Don't know what year is this report from, but oh well...

Marines gain 'confidence' in Singapore



> Marines gain 'confidence' in Singapore
> 11 obstacles test Marines' maneuverabilities
> 
> Cpl. Eric McLeroy, 11th MEU (SOC) Public Affairs
> ...


----------



## AssadUSMC (Jan 1, 2009)

> The rest of their time in Singapore was spent touring the city and relaxing.



This is where Marines utilize that "confidence"... ;)


----------



## Viper1 (Jan 1, 2009)

I visited Singapore about a decade ago returned from the Philippines to the US.  I was amazed by the cleanliness of the city and the politeness of all.  I hope to visit again someday.  We stayed in a hotel near Chiangi (sp?) prison.  Tough looking place.


----------



## Mac_NZ (Jan 1, 2009)

Littering has a pretty hefty fine in Singas.  1CDO is our sister Bn in Singapore, we had a Bn stationed at Dieppe barracks from 69-89 after Malaya scaled down so were still fairly well liked there.  Good to see the article didn't mention boogie street or the four floors, no doubt that was the relaxing part :)
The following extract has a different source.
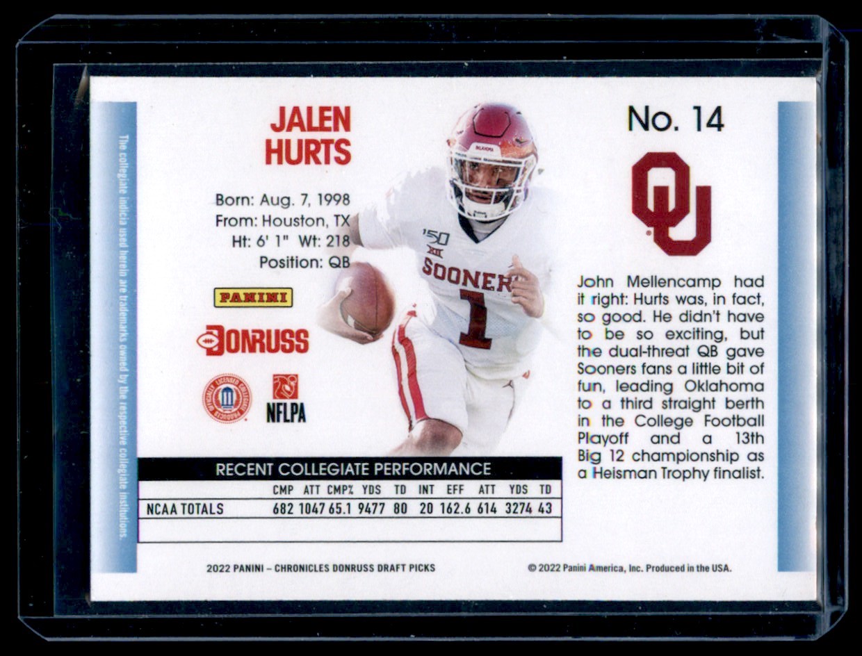 | 2022 Chronicles Donruss Draft Picks Jalen Hurts Rookie Philadelphia Eagles #14 |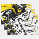 Dieses Design präsentiert eine auffallende Kombination aus Schwarz, Weiß und Gelb in einem abstrakten, fließenden Muster. Die Farbtöne verwoben sich in fett, fließenden Formen und sorgen für eine visuelle Wirkung. Schwarz und Weiß bilden eine einfarbige Basis, die Balance und Kontrast bringt, während das lebhafte Gelbe ein energetisches Highlight verleiht, das Aufmerksamkeit erregt. Die Gesamtkomposition ähnelt fließenden Bewegungen, erinnert an die Textur aus fließendem oder flüssigem Marmor und liefert eine moderne und edgy ästhetische Ästhetik.

The high ropes course is good fun, I shit my pants when I did it and got sewing machine leg going up a ladder, took a few deep breaths and the knowledge that my mates were all watching to keep me going up.


----------



## 7point62 (Jan 2, 2009)

We are good at maneuvering "through dark, confined spaces."  Even when intoxicated.


----------



## QC (Jan 3, 2009)

Good to see the article didn't mention boogie street or the four floors, no doubt that was the relaxing part

I've heard of the four floors, any good?


----------